W.P. Carey hopes $50M gift benefits Hopkins and Baltimore
Daily Record, The (Baltimore), May 2, 2008 by Robbie Whelan
"While only 9 percent of MIT undergraduates are from Massachusetts, more than 42 percent of the software, biotech and electronics companies founded by MIT graduates are located in the state," the report said. The study did not examine MIT's Sloan School of Business specifically, but rather included both businesses started by MIT undergraduates and graduate students as "MIT- related."
Steve Poftak, research director at the Pioneer Institute, a Boston-based public policy think tank, attributed this sort of local idea-incubation to the MIT Enterprise Forum Inc., a networking resource for MIT-affiliated technology entrepreneurs.
"It's specifically designed to vet new ideas and to expose new ideas to a variety of people who could be customers, advisors or funders," Poftak said. "Certainly, a business school that could take advantage of that and build that would contribute to the local economy."
But Robert Inman, a professor of finance at the University of Pennsylvania's Wharton School of Business, said the notion that a business school could contribute significantly to the economic revitalization of a city is outdated and "silly."
Business schools themselves are not big enough employers to make much of a difference, and "idea incubators" like the Johns Hopkins Hospital don't need MBA programs to turn research innovations into patents and businesses, he said.

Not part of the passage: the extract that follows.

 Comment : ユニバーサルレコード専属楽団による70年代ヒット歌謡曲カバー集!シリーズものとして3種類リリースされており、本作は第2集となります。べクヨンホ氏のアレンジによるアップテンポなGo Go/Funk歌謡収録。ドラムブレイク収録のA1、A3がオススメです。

"If we were back in 1780, he'd have a case to make," Inman said. "Back then, the guys in Boston had no idea what was going on in Baltimore ... but Wharton students leave Philadelphia as fast as they can, because the economy here is not as attractive. ... Anything that the Baltimore economy is missing is available at the right price in Chicago, New York, San Francisco or Austin."
This, however, is largely due to Wharton's status as an "elite" business school, according to Anirban Basu, CEO of Baltimore's Sage Policy Group.

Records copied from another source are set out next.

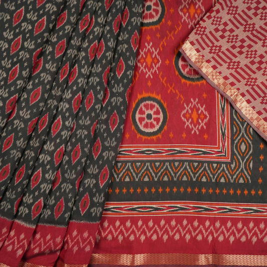 Black & Red color Pure Sambalpur Cotton Saree | Ikkat design | Jugalbandi Collection - Design 1
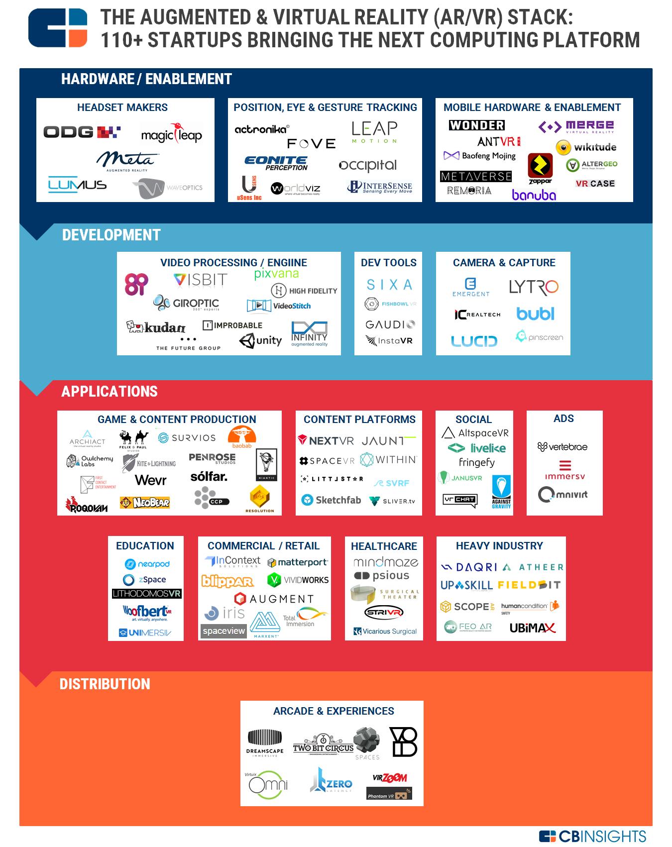 CB Insights 绘制了AR / VR产业的创业公司堆栈地图,以全新的方式对该领域的初创企业进行了分类。
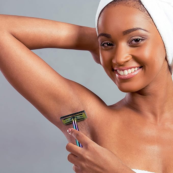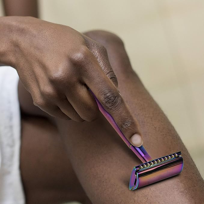 Safety Razor for Women,Safety Razor with 5 Blades,Women Razor with a Delicate Box,Free of Plastic (Stand Style Rainbow Razor)
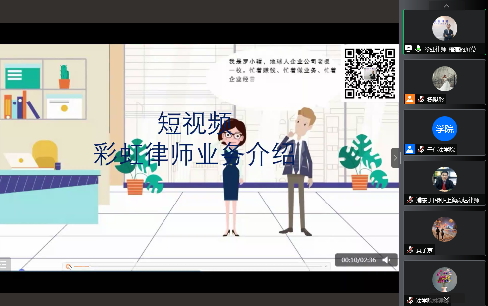 彩虹律师(上海图堃律师事务所)法务总监吉晶通过视频介绍了彩虹律师业务,同时详细介绍了招聘岗位、岗位职责、薪资、对青年律师的培养等相关内容。
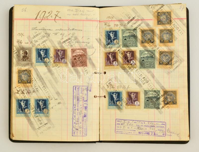 Beschreibung: 1922-1928 Láng István faesztergályos forgalmi adókönyve több száz bélyeggel a 64. p-ig, összesen 128 p.

"People graduating from Wharton literally have a world of choice of where to work," he said. "At least today, Johns Hopkins students are more likely to look in the local market."
He added that the existing local business programs, at the University of Baltimore and Loyola College, have plenty of notoriety in the area, but "as soon as you leave the Baltimore metro area, it really dissipates."
Loyola's Sellinger School of Business and Management, however, is developing widespread renown, Basu said.
"The Baltimore metro area, which does not today have a program of national stature, may soon have two," he said.
Yash Gupta, the newly appointed first dean of the Carey Business School, agreed that you can't force business students to stay in Baltimore once they graduate, but said that Hopkins is designing programs to train business students to turn scientific discoveries into business innovations.
"The days have gone when companies create research and development by themselves," he said. "It's extremely expensive.
"Scientists have a different culture, and it is in their interest to have their discoveries commercialized. We will help them understand that culture. ... We'll provide incentives for them to stay in Maryland, and hence they create jobs and create economic development."